Höre auf, Dich  selbst erlösen zu wollen.

Manche werden vorsichtig fragen fragen:  Ja, aber wie soll und wird es weiter gehen?

Wird mich das gleich total verändern?

Wenn ich glaube, ein Weltüberwinder zu sein!

Werde ich keine Enttäuschung mehr erleben und keine Fehler mehr machen?

Nur keine Angst zu schnell vollkommen zu werden!!

Das ist übrigens ein häufiger Grund, auf den kühnen Satz vom Glaubenssieg, der die Welt bereits überwunden hat, lieber doch zu verzichten!

Man scheut sich, damit in die Ecke der Perfektionisten zu geraten.

Nochmals:

Nur keine Sorge!

Du wirst es lernen, zwischen der Glaubensstellung, die Deinen  Siegesstatus voll bejaht und der Glaubensverwirklichung im Alltag zu unterscheiden.

In die Glaubensstellung gelangst Du  durch einen Glaubensakt oder –schritt.
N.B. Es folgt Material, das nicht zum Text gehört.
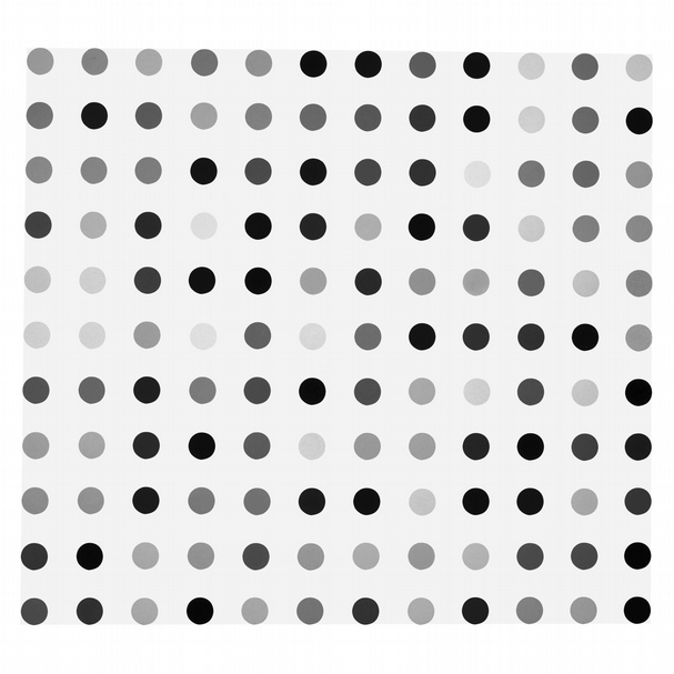 這是他的點系列spot series。我看書中的圖會有種律動的錯覺,這樣規律的畫在表達什麽呢?其實這畫裡的顏色沒有一個是重覆的,每一個灰階都有細微差異。這類型的抽象畫,當代藝術的關鍵字是Abstract expressionism或像是Agnes Martin的畫。
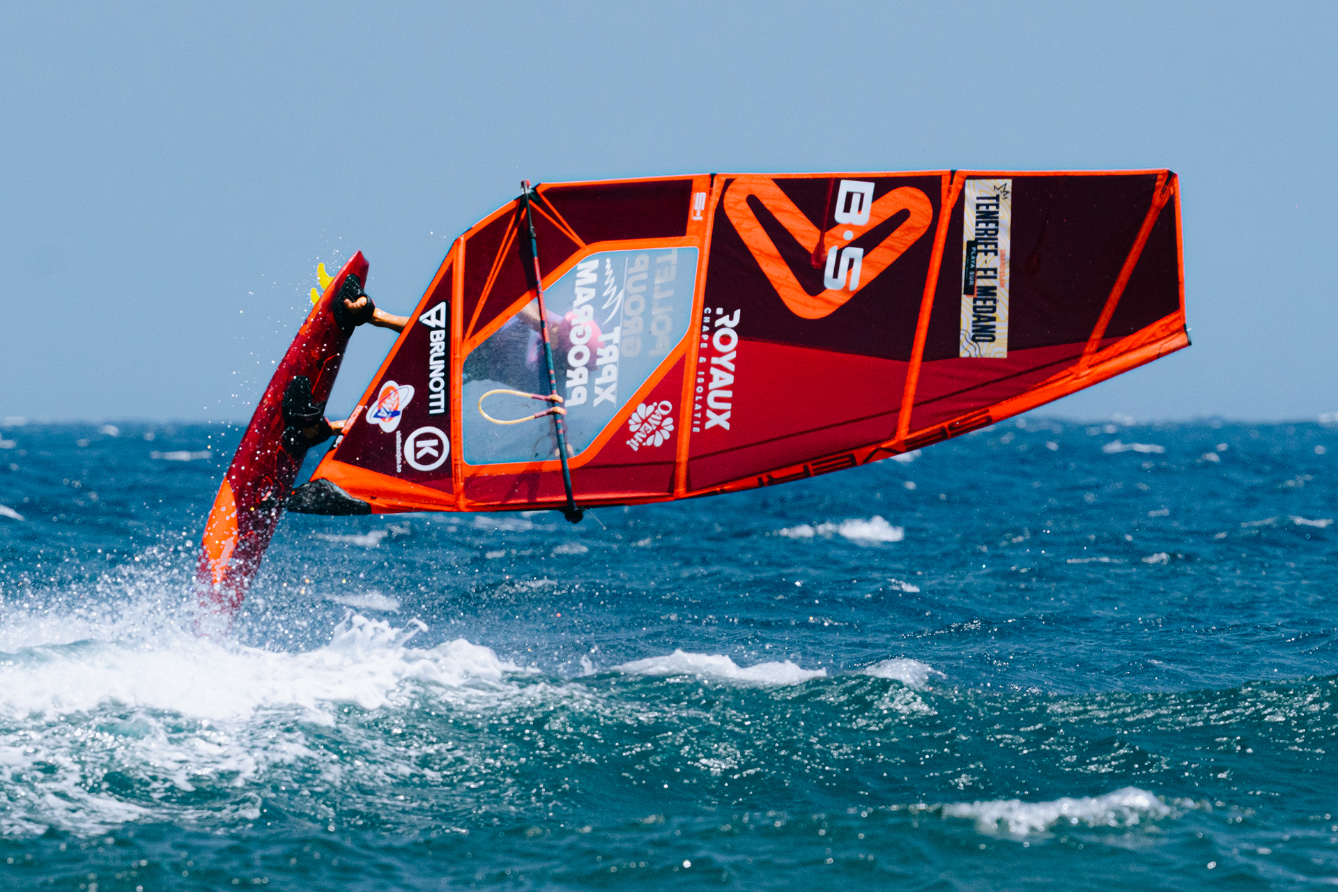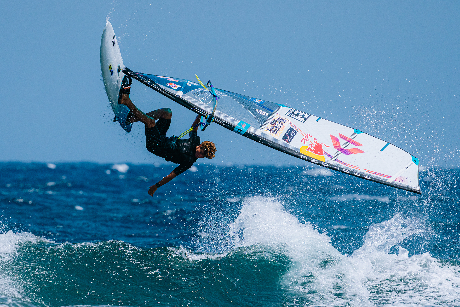 Moritz Mauch (Simmer / Simmer Sails) was once again one of the standouts in the wave riding department with his vertical, dynamic approach going down well with the judges. The 29-year-old equalled Warchol’s 7 point ride to split the highest single wave of the day and won Heat 6 ahead of Henri Kolberg (Naish / Naish Sails / Maui Ultra Fins), who landed an almost planing backloop to deny Lucas Meldrum (Duotone Windsurfing) a place in the next round.

Eben, - durch Deine Bekehrung.

Für die Glaubensbewährung braucht Dein  Erzieher, der Heilige Geist, sehr viel Zeit.

Er wird Dir  jedoch nur dann weiter helfen, wenn Du  grundsätzlich glaubst ,

die Welt mit Jesus bereits schon überwunden zu haben.

Und durch Jesus Sieger zu sein!!

Ja, Du wirst  sicher noch Fehler machen.

Weil wachsender Glaube gleichsam eingeübt werden muß.

Aber Du wirst  dabei immer wachsamer werden und aus Fehlern, die Du  machst,  wirst Du  profitieren.

Ich bin dankbar, dass die Bibel für das Wachstum im Glauben manche Beispiele hat.

So heißt es im Psalm 84, Vers 8:

   Sie erhalten einen Sieg nach dem andern

Beim Überwinden der Welt gibt es folglich einen Fortschritt.

Denn es heißt nicht: sie erhalten alle Siege zugleich.

Heute wird dieses Übel erkannt und besiegt und morgen ein nächstes!

Und wahrscheinlich wird der Heilige Geist  bis zu Deinem  Tode mit der Heiligung fortfahren müssen.

Ein Überwinderleben lässt uns demütiger werden.